* EXERCISE AIM: Please print out the entries below unchanged and skip the images.

Data extracted from a collection
============
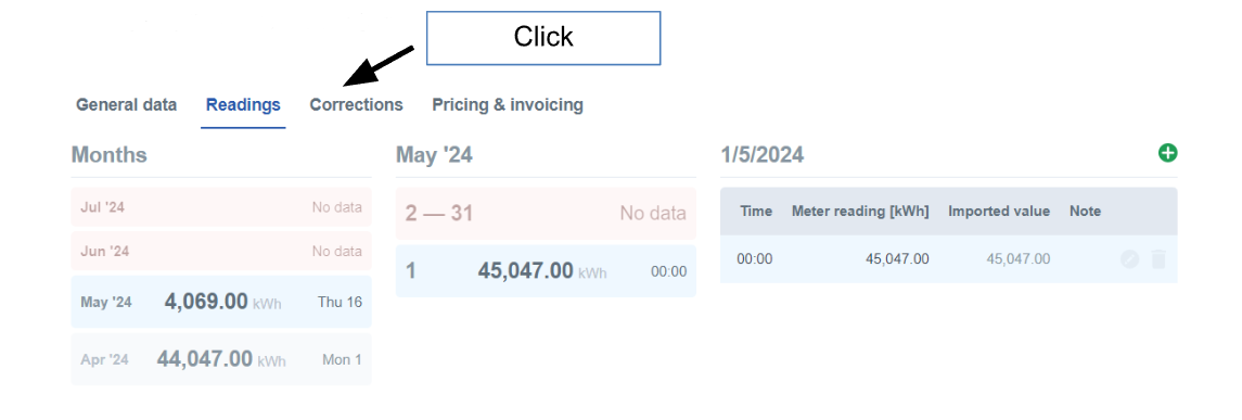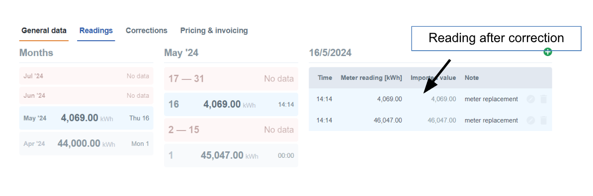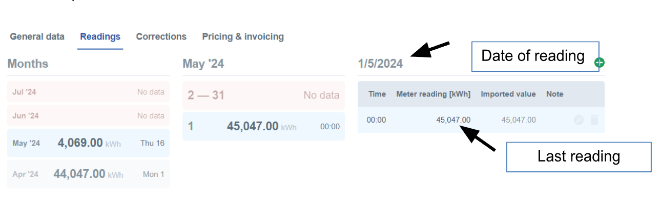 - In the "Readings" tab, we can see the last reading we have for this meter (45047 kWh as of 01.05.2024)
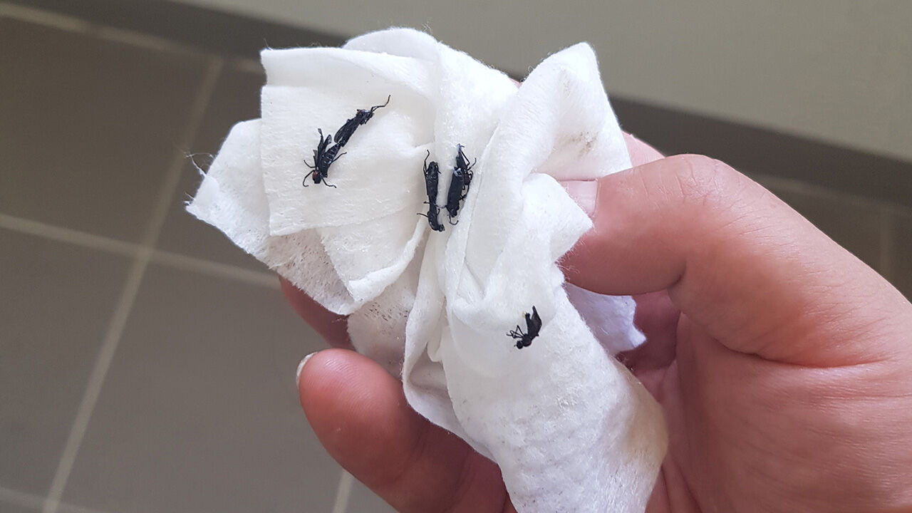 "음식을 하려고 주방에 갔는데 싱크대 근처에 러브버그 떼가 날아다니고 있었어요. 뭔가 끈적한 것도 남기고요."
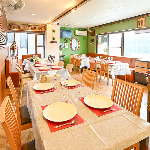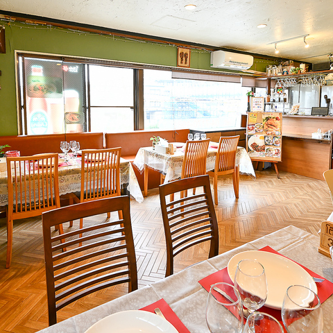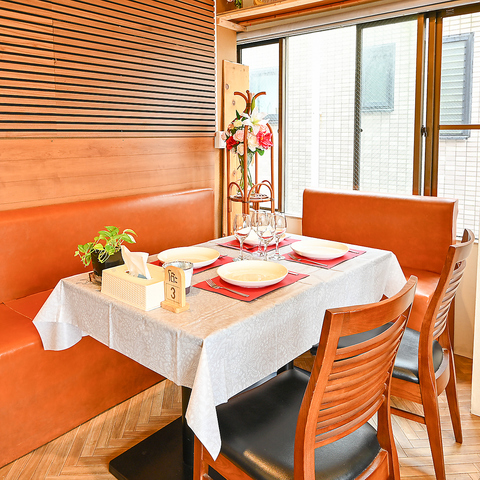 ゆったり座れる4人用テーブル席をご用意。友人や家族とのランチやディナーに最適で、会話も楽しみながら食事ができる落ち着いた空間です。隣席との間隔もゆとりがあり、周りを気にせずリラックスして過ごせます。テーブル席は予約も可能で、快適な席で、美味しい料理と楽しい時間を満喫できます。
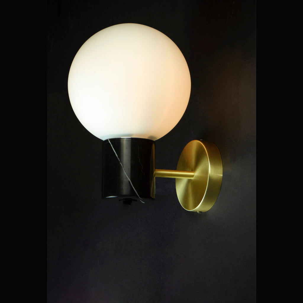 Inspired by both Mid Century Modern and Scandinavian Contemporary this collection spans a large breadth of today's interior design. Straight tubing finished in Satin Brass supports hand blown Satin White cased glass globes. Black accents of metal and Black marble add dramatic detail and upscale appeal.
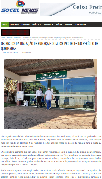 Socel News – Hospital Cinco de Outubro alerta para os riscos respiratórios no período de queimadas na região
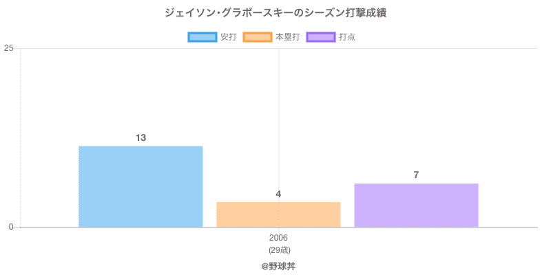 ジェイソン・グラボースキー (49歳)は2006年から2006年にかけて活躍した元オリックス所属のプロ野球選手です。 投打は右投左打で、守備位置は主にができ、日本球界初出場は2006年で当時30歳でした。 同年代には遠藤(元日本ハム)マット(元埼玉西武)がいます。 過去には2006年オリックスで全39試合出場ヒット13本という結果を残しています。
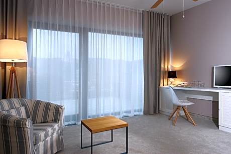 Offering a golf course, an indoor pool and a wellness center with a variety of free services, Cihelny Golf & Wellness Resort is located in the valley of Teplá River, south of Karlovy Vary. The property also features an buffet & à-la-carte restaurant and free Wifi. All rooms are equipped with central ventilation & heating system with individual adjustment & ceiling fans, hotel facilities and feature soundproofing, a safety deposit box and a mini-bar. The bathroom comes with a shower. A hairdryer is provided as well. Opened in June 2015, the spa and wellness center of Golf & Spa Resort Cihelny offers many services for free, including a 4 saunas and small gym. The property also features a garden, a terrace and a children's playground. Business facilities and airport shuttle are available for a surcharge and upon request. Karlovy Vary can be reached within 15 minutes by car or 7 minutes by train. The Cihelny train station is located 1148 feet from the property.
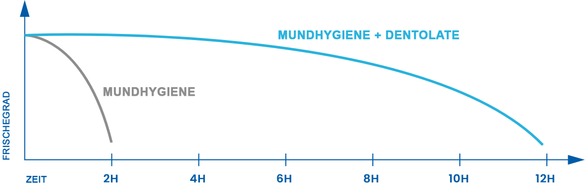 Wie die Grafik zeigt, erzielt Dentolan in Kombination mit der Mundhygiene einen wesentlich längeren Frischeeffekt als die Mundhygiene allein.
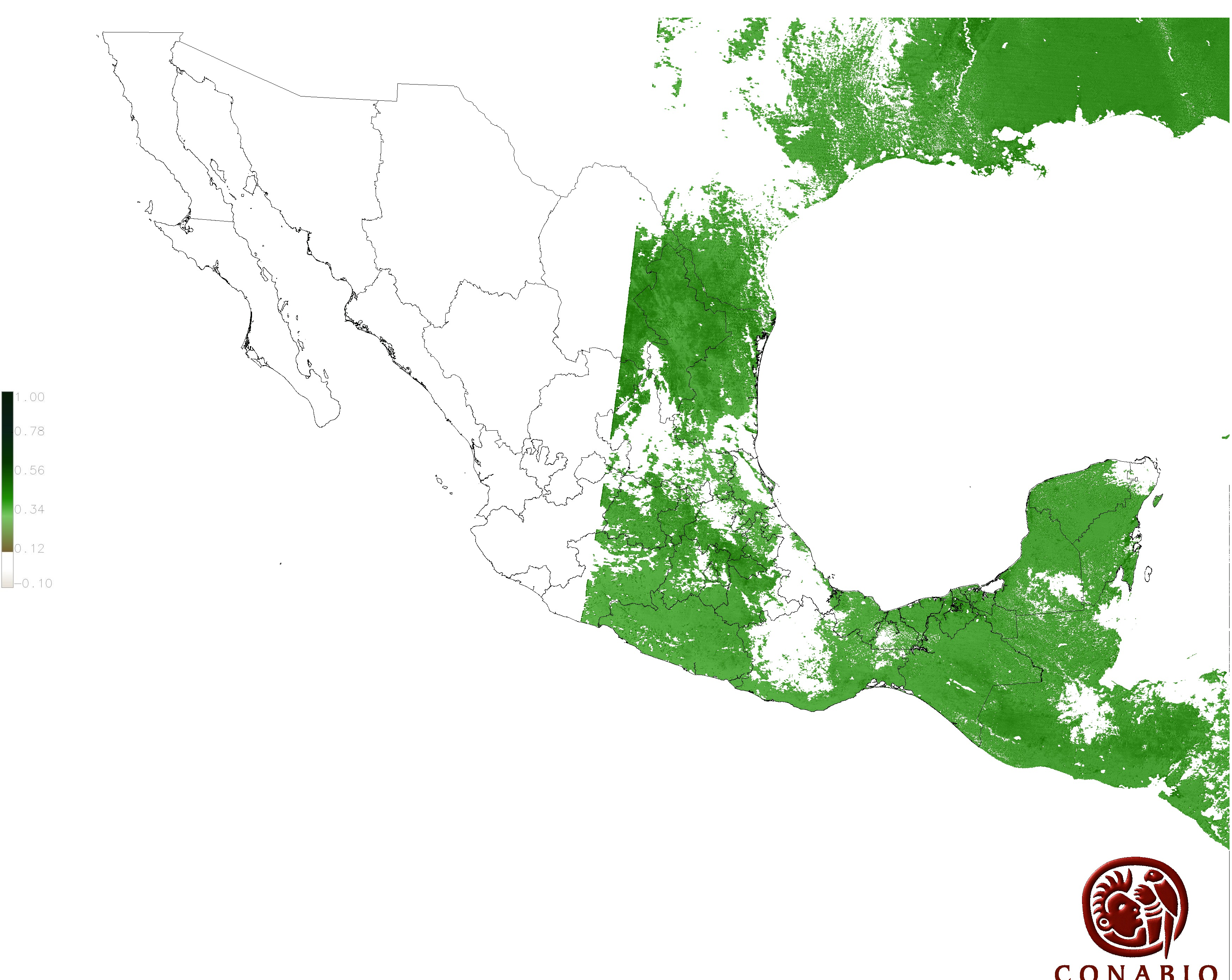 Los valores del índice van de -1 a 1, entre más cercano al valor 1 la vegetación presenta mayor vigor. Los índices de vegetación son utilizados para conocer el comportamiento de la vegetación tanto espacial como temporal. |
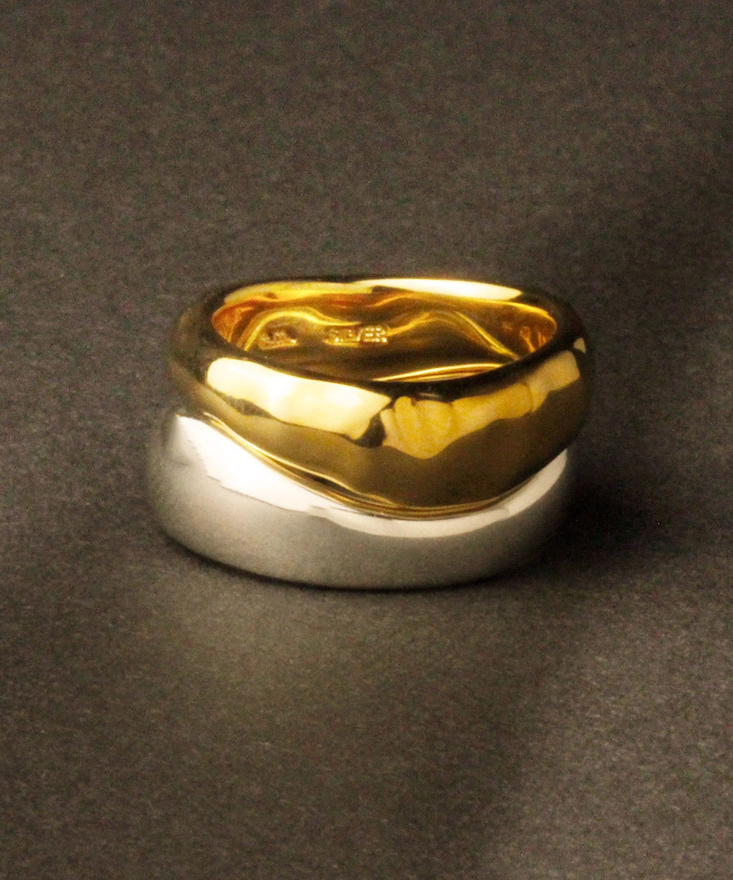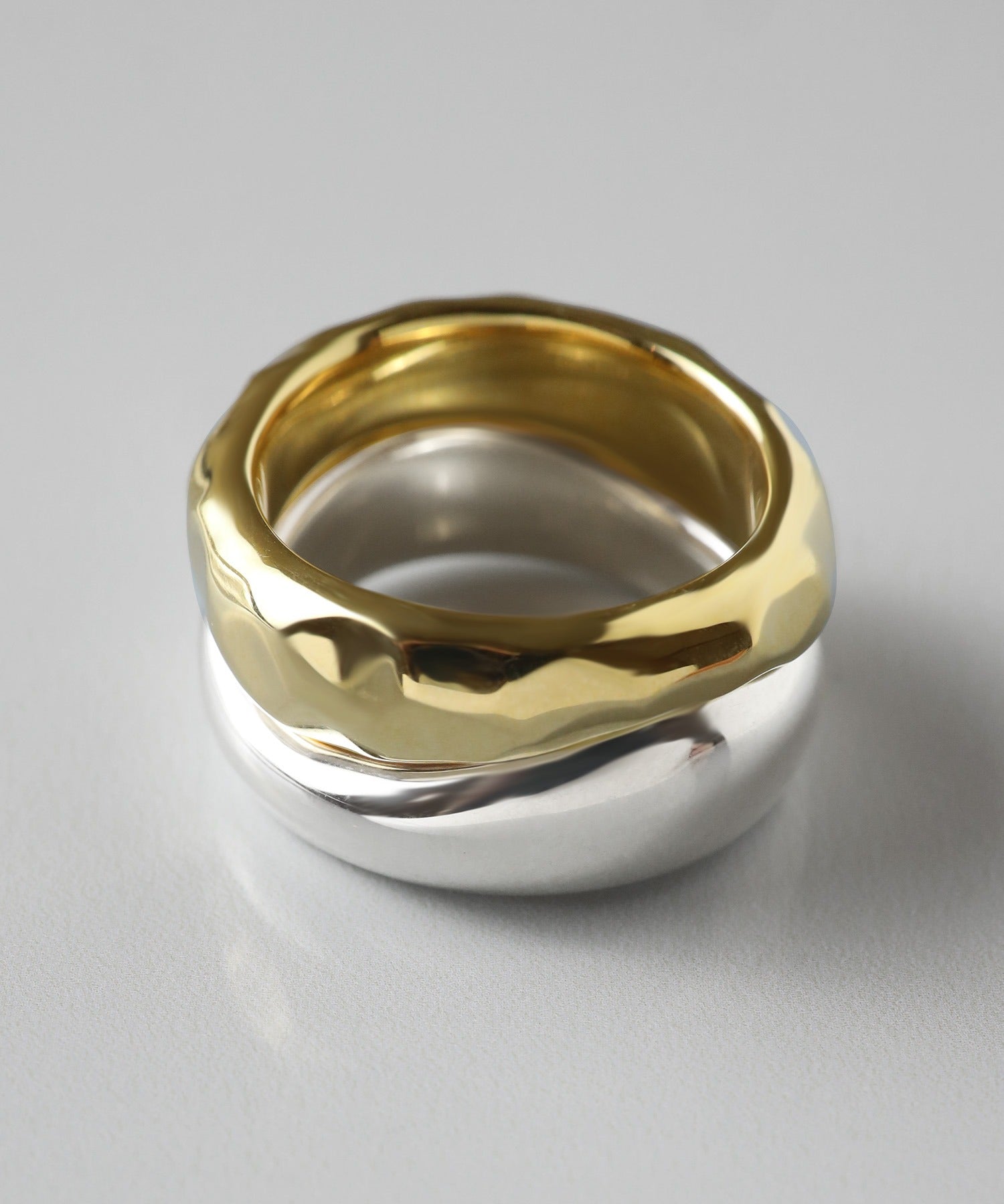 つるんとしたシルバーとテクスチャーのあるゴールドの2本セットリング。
============
* ANSWER BOX:
 - In the "Readings" tab, we can see the last reading we have for this meter (45047 kWh as of 01.05.2024)
 "음식을 하려고 주방에 갔는데 싱크대 근처에 러브버그 떼가 날아다니고 있었어요. 뭔가 끈적한 것도 남기고요."
 ゆったり座れる4人用テーブル席をご用意。友人や家族とのランチやディナーに最適で、会話も楽しみながら食事ができる落ち着いた空間です。隣席との間隔もゆとりがあり、周りを気にせずリラックスして過ごせます。テーブル席は予約も可能で、快適な席で、美味しい料理と楽しい時間を満喫できます。
 Inspired by both Mid Century Modern and Scandinavian Contemporary this collection spans a large breadth of today's interior design. Straight tubing finished in Satin Brass supports hand blown Satin White cased glass globes. Black accents of metal and Black marble add dramatic detail and upscale appeal.
 Socel News – Hospital Cinco de Outubro alerta para os riscos respiratórios no período de queimadas na região
 ジェイソン・グラボースキー (49歳)は2006年から2006年にかけて活躍した元オリックス所属のプロ野球選手です。 投打は右投左打で、守備位置は主にができ、日本球界初出場は2006年で当時30歳でした。 同年代には遠藤(元日本ハム)マット(元埼玉西武)がいます。 過去には2006年オリックスで全39試合出場ヒット13本という結果を残しています。
 Offering a golf course, an indoor pool and a wellness center with a variety of free services, Cihelny Golf & Wellness Resort is located in the valley of Teplá River, south of Karlovy Vary. The property also features an buffet & à-la-carte restaurant and free Wifi. All rooms are equipped with central ventilation & heating system with individual adjustment & ceiling fans, hotel facilities and feature soundproofing, a safety deposit box and a mini-bar. The bathroom comes with a shower. A hairdryer is provided as well. Opened in June 2015, the spa and wellness center of Golf & Spa Resort Cihelny offers many services for free, including a 4 saunas and small gym. The property also features a garden, a terrace and a children's playground. Business facilities and airport shuttle are available for a surcharge and upon request. Karlovy Vary can be reached within 15 minutes by car or 7 minutes by train. The Cihelny train station is located 1148 feet from the property.
 Wie die Grafik zeigt, erzielt Dentolan in Kombination mit der Mundhygiene einen wesentlich längeren Frischeeffekt als die Mundhygiene allein.
 Los valores del índice van de -1 a 1, entre más cercano al valor 1 la vegetación presenta mayor vigor. Los índices de vegetación son utilizados para conocer el comportamiento de la vegetación tanto espacial como temporal. |
 つるんとしたシルバーとテクスチャーのあるゴールドの2本セットリング。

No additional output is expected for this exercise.